### What is required
Please repeat the records below exactly, skipping any pictures.

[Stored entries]
──────

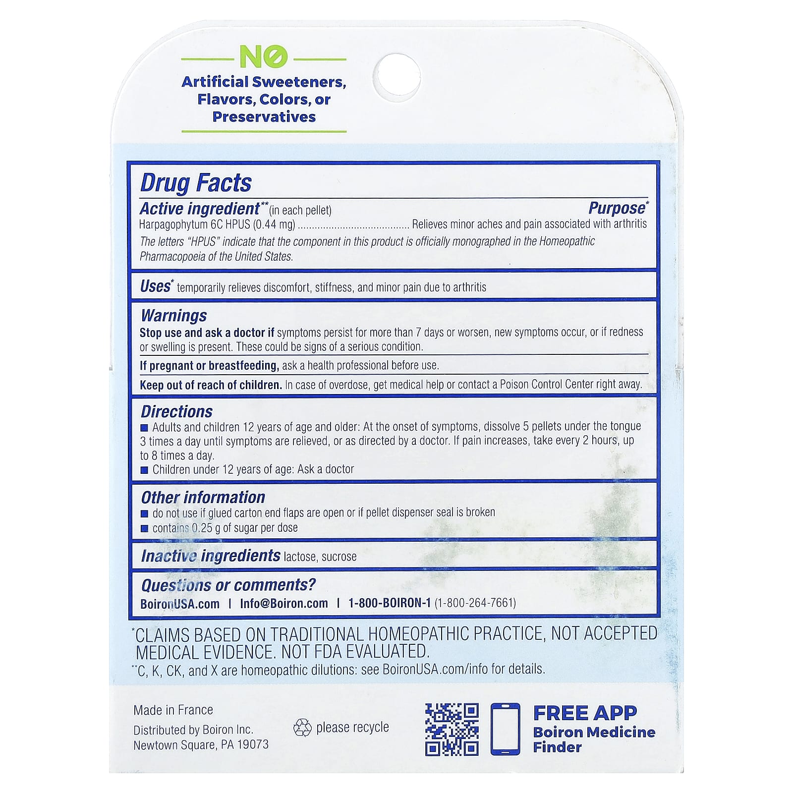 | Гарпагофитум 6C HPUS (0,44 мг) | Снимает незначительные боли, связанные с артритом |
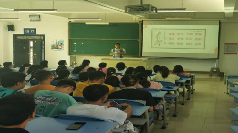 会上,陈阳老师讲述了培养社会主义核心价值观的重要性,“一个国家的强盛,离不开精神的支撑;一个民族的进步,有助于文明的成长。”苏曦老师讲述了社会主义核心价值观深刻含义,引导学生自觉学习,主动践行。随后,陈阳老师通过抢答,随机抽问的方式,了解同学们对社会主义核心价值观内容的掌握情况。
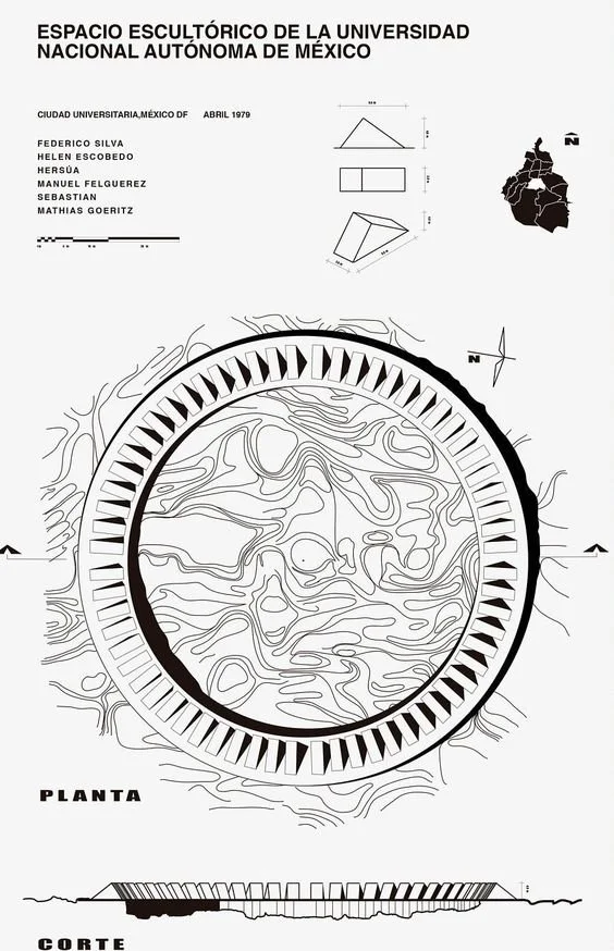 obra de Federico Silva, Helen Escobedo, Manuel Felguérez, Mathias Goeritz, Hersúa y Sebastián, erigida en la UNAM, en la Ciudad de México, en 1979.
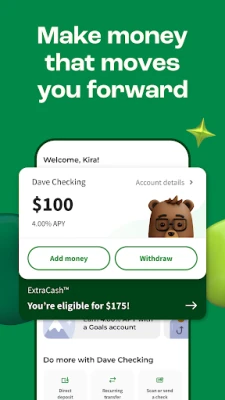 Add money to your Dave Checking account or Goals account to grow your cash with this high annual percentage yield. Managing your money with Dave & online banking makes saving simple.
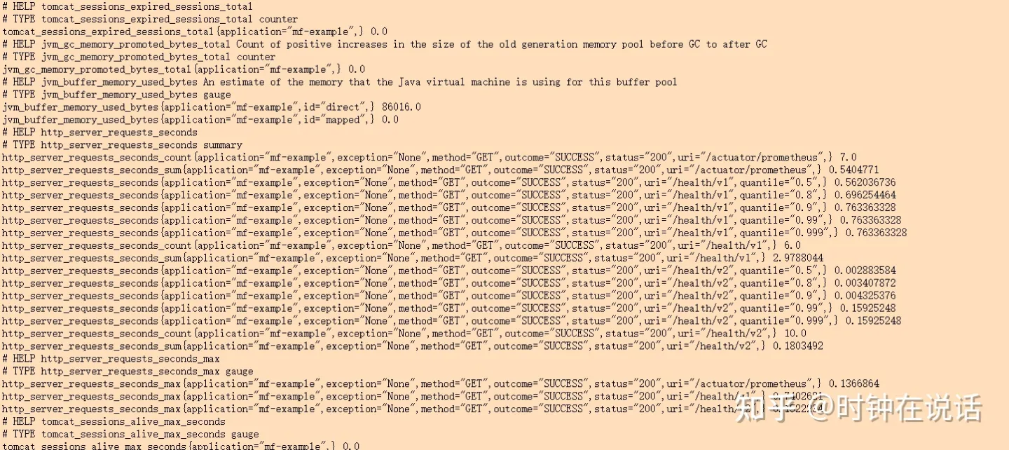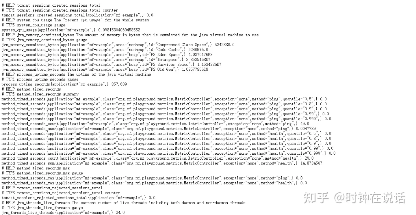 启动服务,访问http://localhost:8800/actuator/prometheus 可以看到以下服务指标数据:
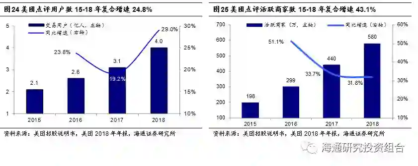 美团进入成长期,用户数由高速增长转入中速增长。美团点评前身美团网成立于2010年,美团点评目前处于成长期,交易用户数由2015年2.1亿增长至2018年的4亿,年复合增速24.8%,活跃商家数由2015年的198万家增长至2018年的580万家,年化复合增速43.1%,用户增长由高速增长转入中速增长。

──────

### Task solution
 | Гарпагофитум 6C HPUS (0,44 мг) | Снимает незначительные боли, связанные с артритом |
 会上,陈阳老师讲述了培养社会主义核心价值观的重要性,“一个国家的强盛,离不开精神的支撑;一个民族的进步,有助于文明的成长。”苏曦老师讲述了社会主义核心价值观深刻含义,引导学生自觉学习,主动践行。随后,陈阳老师通过抢答,随机抽问的方式,了解同学们对社会主义核心价值观内容的掌握情况。
 obra de Federico Silva, Helen Escobedo, Manuel Felguérez, Mathias Goeritz, Hersúa y Sebastián, erigida en la UNAM, en la Ciudad de México, en 1979.
 Add money to your Dave Checking account or Goals account to grow your cash with this high annual percentage yield. Managing your money with Dave & online banking makes saving simple.
 启动服务,访问http://localhost:8800/actuator/prometheus 可以看到以下服务指标数据:
 美团进入成长期,用户数由高速增长转入中速增长。美团点评前身美团网成立于2010年,美团点评目前处于成长期,交易用户数由2015年2.1亿增长至2018年的4亿,年复合增速24.8%,活跃商家数由2015年的198万家增长至2018年的580万家,年化复合增速43.1%,用户增长由高速增长转入中速增长。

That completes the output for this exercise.